Material provided:
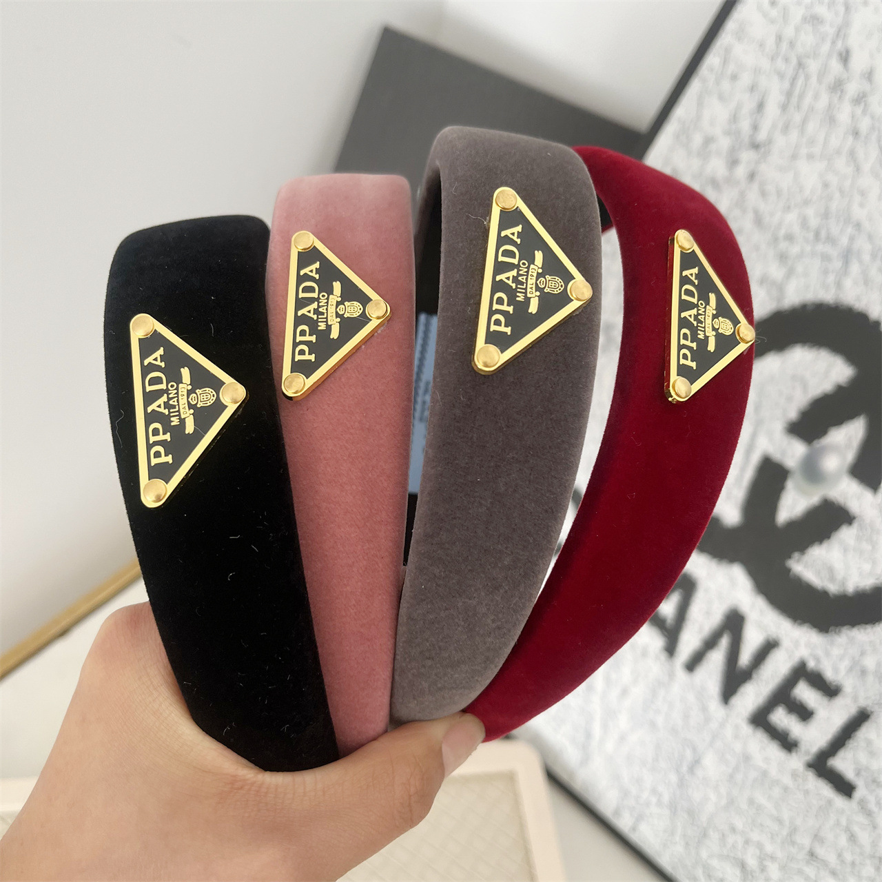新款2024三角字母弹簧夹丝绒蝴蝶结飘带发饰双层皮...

--

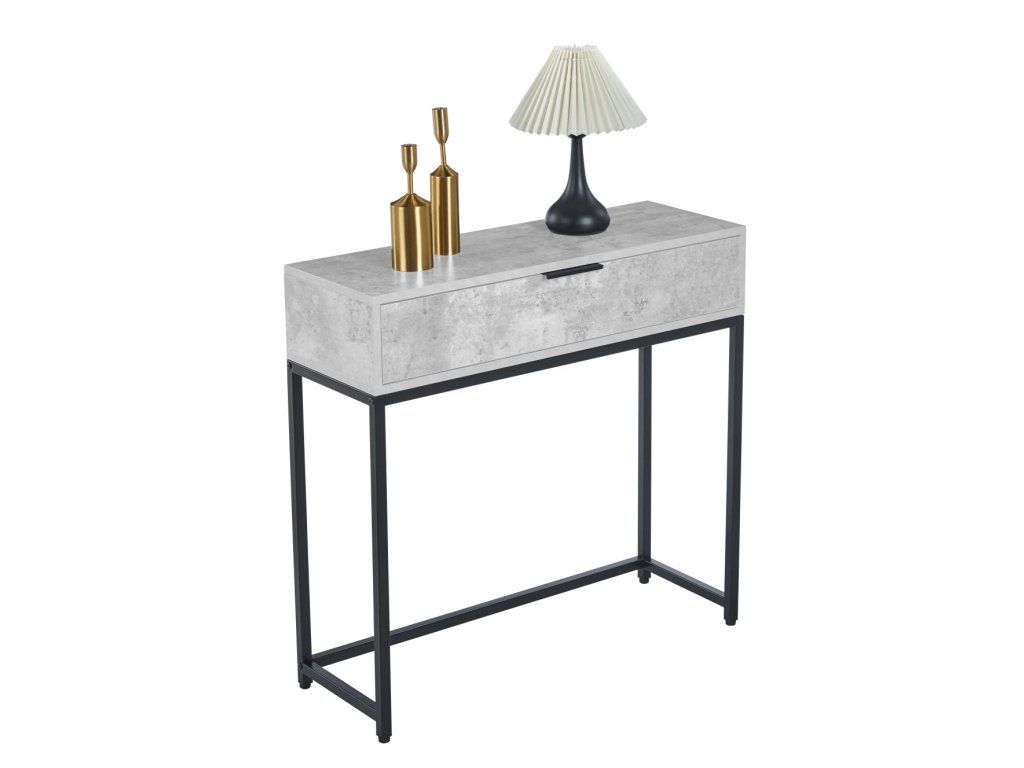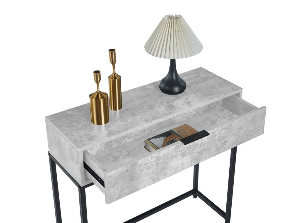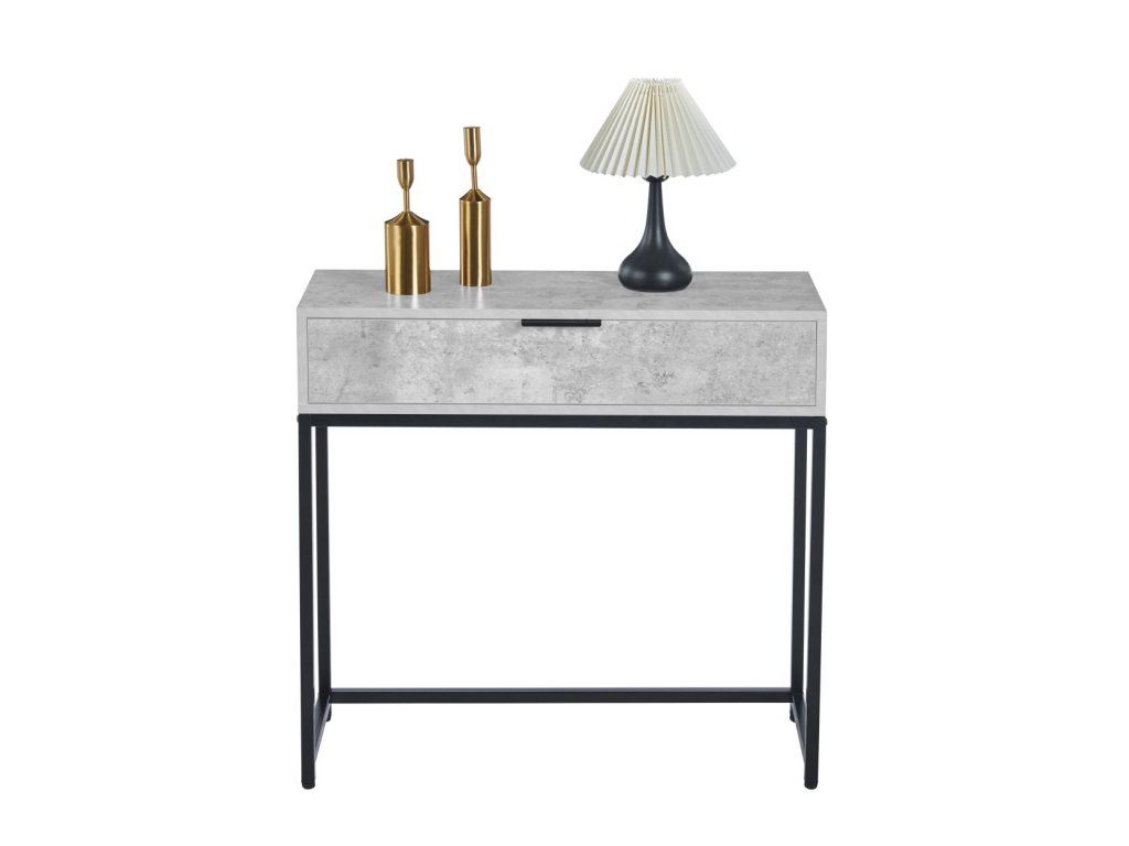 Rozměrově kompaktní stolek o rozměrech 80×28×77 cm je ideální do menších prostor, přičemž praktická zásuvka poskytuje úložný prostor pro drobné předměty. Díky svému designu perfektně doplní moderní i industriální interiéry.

--

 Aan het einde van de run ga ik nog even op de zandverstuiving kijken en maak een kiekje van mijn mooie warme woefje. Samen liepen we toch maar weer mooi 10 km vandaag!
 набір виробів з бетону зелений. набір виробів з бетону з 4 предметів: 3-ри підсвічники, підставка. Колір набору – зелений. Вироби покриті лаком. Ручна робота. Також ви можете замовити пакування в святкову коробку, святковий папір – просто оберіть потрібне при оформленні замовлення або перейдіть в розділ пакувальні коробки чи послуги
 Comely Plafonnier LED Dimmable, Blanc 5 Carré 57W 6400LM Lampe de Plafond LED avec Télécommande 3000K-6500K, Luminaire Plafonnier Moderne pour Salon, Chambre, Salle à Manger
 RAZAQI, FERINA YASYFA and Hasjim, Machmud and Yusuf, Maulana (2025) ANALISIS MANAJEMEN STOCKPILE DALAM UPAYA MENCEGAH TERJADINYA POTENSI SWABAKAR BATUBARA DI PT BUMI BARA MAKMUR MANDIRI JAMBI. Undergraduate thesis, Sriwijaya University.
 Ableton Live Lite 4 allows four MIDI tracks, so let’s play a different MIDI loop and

Instructions to follow: With the first line being the one containing "RAZAQI, FERINA YASYFA" and the last line the one containing "Ableton Live Lite", transcribe exactly the lines above that fall in that range.

Exercise output:
 RAZAQI, FERINA YASYFA and Hasjim, Machmud and Yusuf, Maulana (2025) ANALISIS MANAJEMEN STOCKPILE DALAM UPAYA MENCEGAH TERJADINYA POTENSI SWABAKAR BATUBARA DI PT BUMI BARA MAKMUR MANDIRI JAMBI. Undergraduate thesis, Sriwijaya University.
 Ableton Live Lite 4 allows four MIDI tracks, so let’s play a different MIDI loop and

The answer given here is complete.